KafkaBrokerConfiguration.md

File metadata and controls

155 lines (77 loc) · 5.04 KB

Kafka Broker Configuration

Java Version

  • Recommend the latest released version of JDK 1.8, -- LinkedIn is currently running JDK 1.8 u5.

JVM Configuration

  • Here is a sample for KAFKA_JVM_PERFORMANCE_OPTS

    -Xmx8g -Xms8g -XX:MetaspaceSize=96m -XX:+UseG1GC -XX:MaxGCPauseMillis=20 -XX:InitiatingHeapOccupancyPercent=35 -XX:G1HeapRegionSize=16M -XX:MinMetaspaceFreeRatio=50 -XX:MaxMetaspaceFreeRatio=80

Deployment

  • In at least three data centers with high bandwidth and low latency between them. (Commonly, using three availability zones inside one region of a cloud provider)

    • IMPORTANT: the latency/bandwidth between brokers could highly impact the throughput/latency of a producer client.
  • rack.id could be used to identify brokers from different data centers.

Functionality

  • Controller

    • Maintains leaders/replicas info for partitions.
  • Partition Replicas

    • Leader replica

      • All produce/consume requests go through the leader.
    • In-Sync Replica

      • Replicas that are continuously asking for the latest messages; has caught up to the most recent message in 10 seconds (replica.lag.time.max.ms).

      • The preferred in-sync replica would be promoted to new leader while the previous one fails.

OS tuning

(Use sysctl, or edit /etc/sysctl.conf for permanent change)

  • File descriptor limits

    • fs.file-max

    • Recommended 100000 or higher.

  • Maximum number of memory map areas for a process

    • vm.max_map_count

    • Each log segment uses 2 map areas.

  • Virtual memory

    • It's best to avoid swapping at all costs.

    • Set vm.swappiness to a very low value (e.g, 1).

  • Dirty page

    • vm.dirty_background_ratio=5, is appropriate in many situations.

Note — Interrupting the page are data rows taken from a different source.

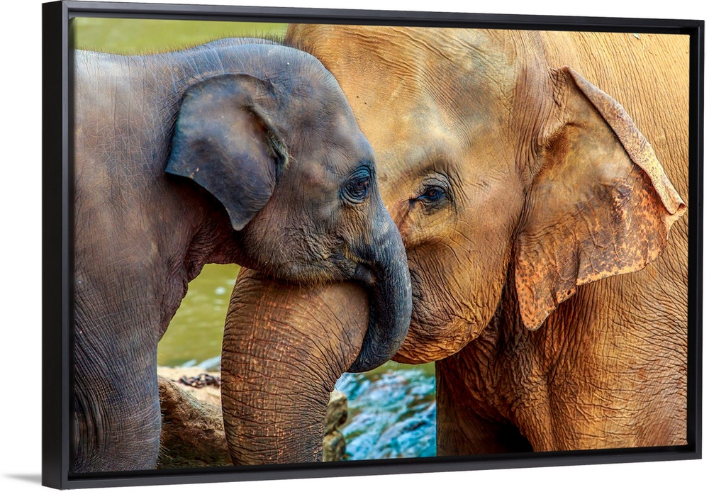 <p>Cuddling elephant and baby elephant in the river. Sri Lanka.</p>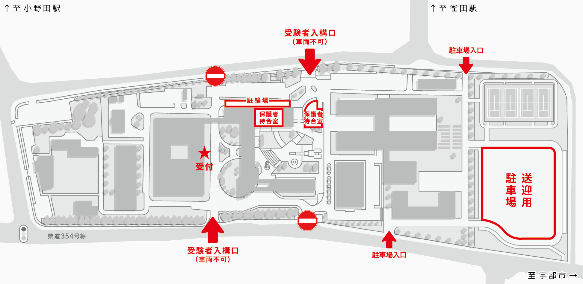 ●駐車場を除き、構内への送迎車、バイク等の乗り入れは禁止します(受験上の配慮として許可された場合を除く。)。
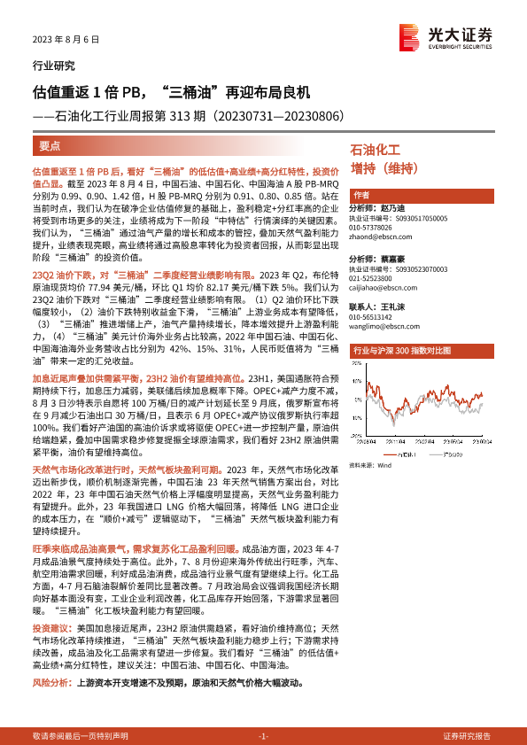 【光大证券】【20230806】20230806-光大证券-石油化工行业周报第313期:估值重返1倍PB,“三桶油”再迎布局良机-28页

    • vm.dirty_ratio=60(~80), is a reasonable number.

  • Networking

    • net.core.wmem_default and net.core.rmem_default, reasonable setting: 131072 (128KB).

    • net.core.wmem_max and net.core.rmem_max, reasonable setting: 2097152 (2MB).

    • net.ipv4.tcp_wmem and net.ipv4.tcp_rmem, an example setting: 4096 (4KB minimum), 65536 (64KB default), 2048000 (2MB maximum).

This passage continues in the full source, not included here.